The Parallels in Each of Our Struggles

Today is my first blog posting and I would like to take this
opportunity to introduce myself and explain why I decided to join
the Family Pride team.

My political consciousness began at a very early age thanks to my
parents’ teachings. They were both involved in the Chicano
movement of the 1970s, aimed at ending discrimination against
people of Mexican descent in the Southwest. I was taught to be
proud of who I was, to never abandon my culture and to never forget
the struggle that our people have faced and continue to endure.
This acknowledgement of persecution has enabled me to take action
against injustice in various instances in my life.

My first exposure to LGBT issues came during the 1992 Senate
Democratic primary in Texas.

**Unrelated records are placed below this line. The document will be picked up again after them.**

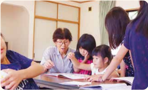
子ども(児童)見守り活動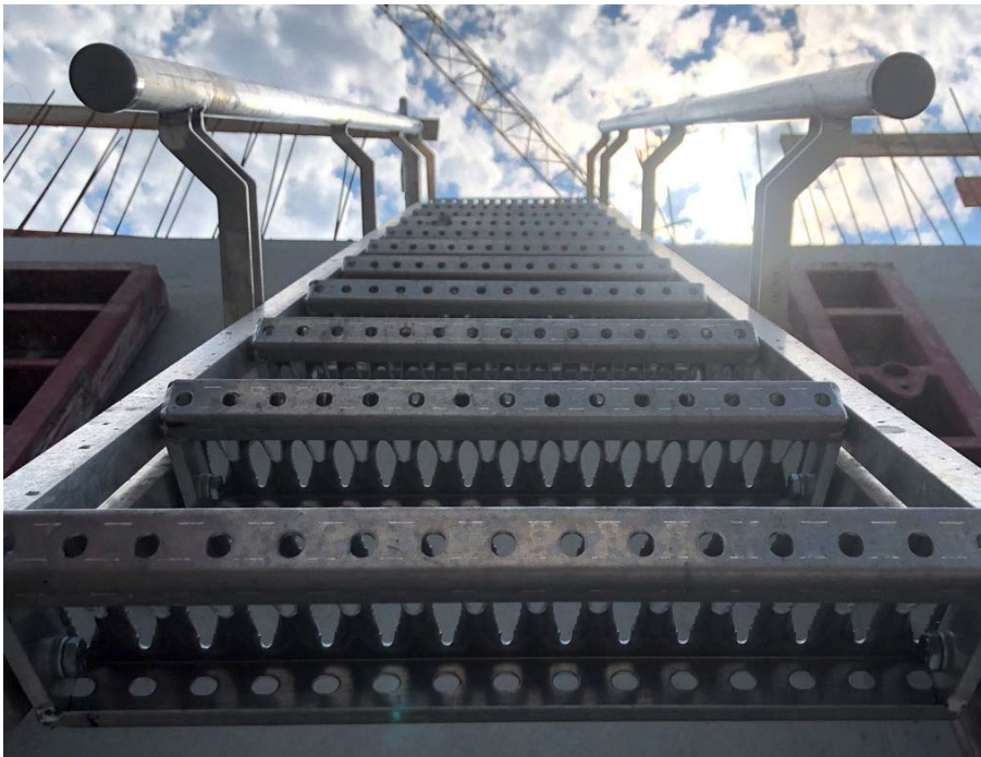
BU: Sicherer Halt auf Schritt und Tritt: Immer waagerechte Trittstufen - unabhängig von der Neigung - und mit der Steiltreppe fest verbundene Handläufe.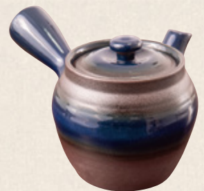
K-316 ツボ型青 (平網) (350cc) 2,300円(税抜)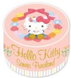
コンパイトウ 各540円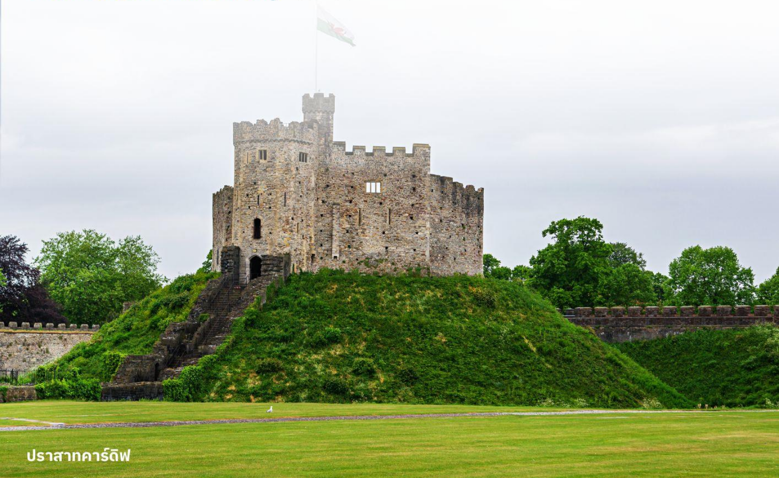
ปราสาทคาร์ดิฟฟ์

บริการอาหารค่ำ ณ ภัตตาคาร นำท่านเข้าสู่ที่พัก Hilton Garden Inn Bristol City หรือเทียบเท่า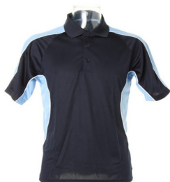
Navy / light blue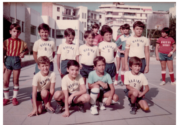
Equip de futbol infantil masculí que participa en el torneig celebrat a la pista de l'escola Esteve Carles organitzat per la Penya Barcelonista de Lloret de Mar. Data: 1982. CID: 723.000.500_320.015.001.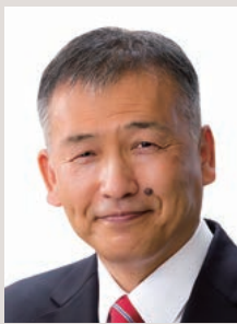
勝山市長 水上実喜夫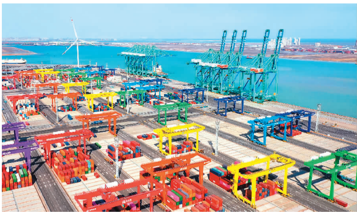
图为天津港全物联网集装箱码头(无人机照片)。

联合国贸易和发展会议日前发布《2023世界投资报告》显示,2022年中国吸引的外国直接投资额增加5%,达到创纪录的1891亿美元。对此,外媒认为,在世界经济面临多重挑战的背景下,中国吸引外国投资逆势增长,说明中国市场吸引力巨大,也再次表明世界向中国经济投下“信任票”。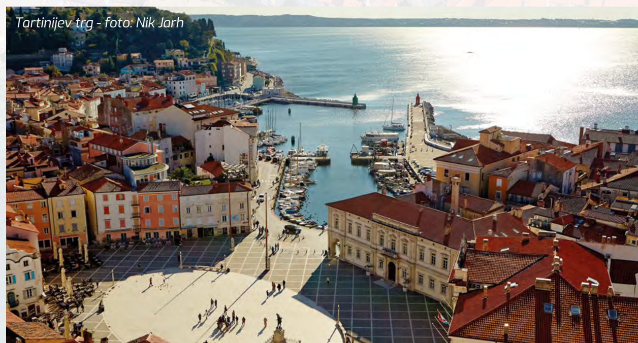
Tartinijev trg - foto: Nik Jarh

dragoj ovu kuću i postavio tablu s natpisom. Danas je u njoj mali hotel i prodajna galerija. U Piranu se nalazi veliki broj crkava, kao i franjevački manastir sa bunarom koji se i dalje povremeno koristi. Katedralu Svetog Đorda krase veliki zvonik rađen po ugledu na zvonik crkve Svetog Marka u Veneciji. Ručali smo u italijanskom restoranu La Bottega dei Saponi na Tartinijevom trgu. Mladi bračni par koji vodi ovaj restoran, ugstio nas je čorbom od bundeve sa grilovanim gamborima, rezancima sa škampima i crvenim radičem, a za desert smo probali amareti i pistači sladoled. Sve to uz vino malvaziju, poznato u ovim krajevima. U Piranu nema mnogo hotela, a često su i pomalo skriveni i vrlo ukusno uklopljeni u ambijent grada. Najstariji u gradu hotel Piran sa-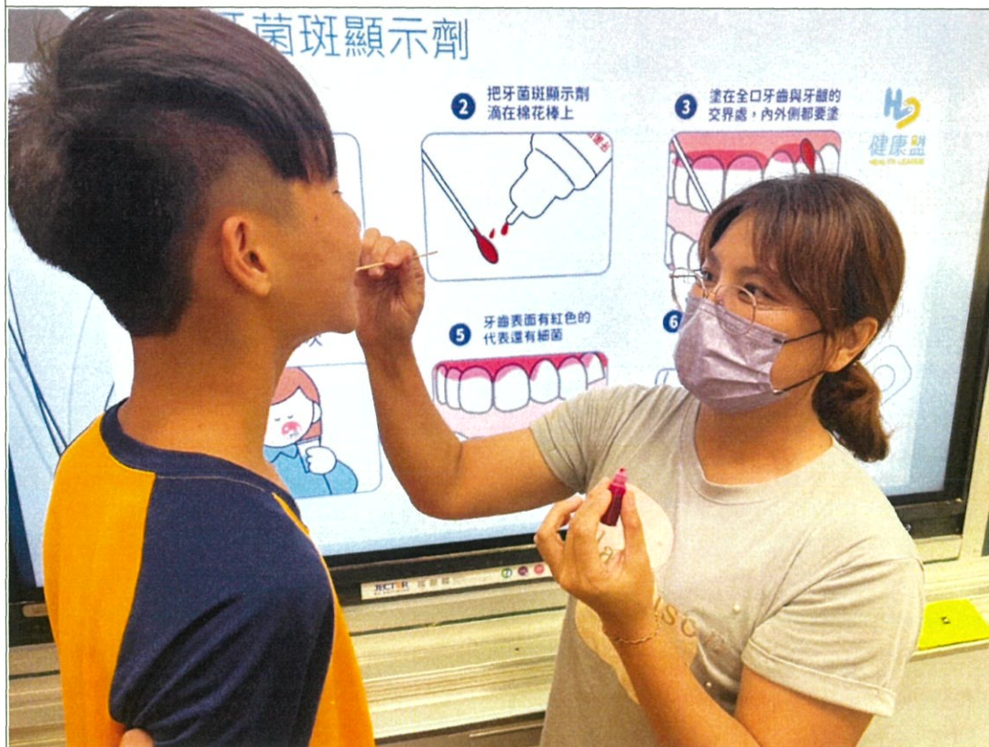
說明：安排使用牙菌斑顯示劑，檢查是否有刷乾淨(詳見3-2-1)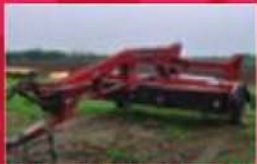
Fancheuse-conditionneuse Case IH 8312, 1995, conditionneur à rouleaux, pin type, largeur 12 pi, pile centrale. Prix : 9200 $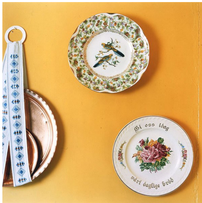
RUNE JOHANSEN (F. 1957) Gi oss i dag vårt daglige brød (2005) Fotografi, 93.5x90cm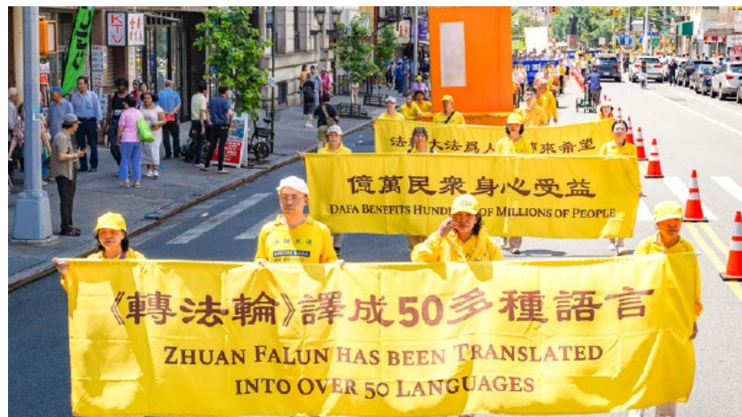
▲ 2025年7月20日，法轮功学员在曼哈顿华埠举行反迫害26周年大游行

制，并与团队一起寻找折衷做法。他不再急于分辨对错，而是专注于把事情做好。这样的改变，让同事与主管都感受到他的真诚，合作氛围也随之改善。

I was in the fifth grade. Jose Angel
Gutierrez, a leader of La Raza Unida Party, a long-defunct
all Chicano political party that my parents were a part of in the
seventies, was running for the Democratic nomination for the U.S.
Senate.

I went with my dad to a forum where Jose Angel was going to speak.
Gutierrez was seen as being too radical (both within the
Mexican-American community and outside of it) and many were
unwilling to support him.

Several people in the audience were members of the American GI
Forum, a Mexican-American civil rights organization from the
previous generation that butted heads with many in the Chicano
movement, and they were ready to take him on. The GI Forum is
mostly comprised of military veterans that fought against
discrimination against Mexicans within the ranks and later in the
population in general. They wanted to know where Jose Angel stood
on a controversial issue at the time: Clinton’s “don’t ask
don’t tell” policy.

When confronted, Jose Angel spoke passionately about how he had
fought discrimination his whole life and this was no different. An
entire group of people was being shut out of an institution, the
way Mexicans had been kept out of political office and jobs for so
long. He was adamant that you can’t split hairs when it comes to
persecution and went further, saying that not being vocal in
another group’s struggle makes you guilty of persecuting that
group.

The speech really resonated with me and instilled in me a principle
that has led me to work on everything from workers’ rights issues
and the fight to end violence against women, to immigrants’
rights and now the LGBT movement.

I’m leaps and bounds away from supporting “don’t ask, don’t
tell” but it was that exchange that first exposed me to the LGBT
struggle. I believe that working together and realizing the
parallels within each of our struggles is a necessary component to
overcoming the challenges that face each of our communities.

We can, and should, all be allies in one struggle or another.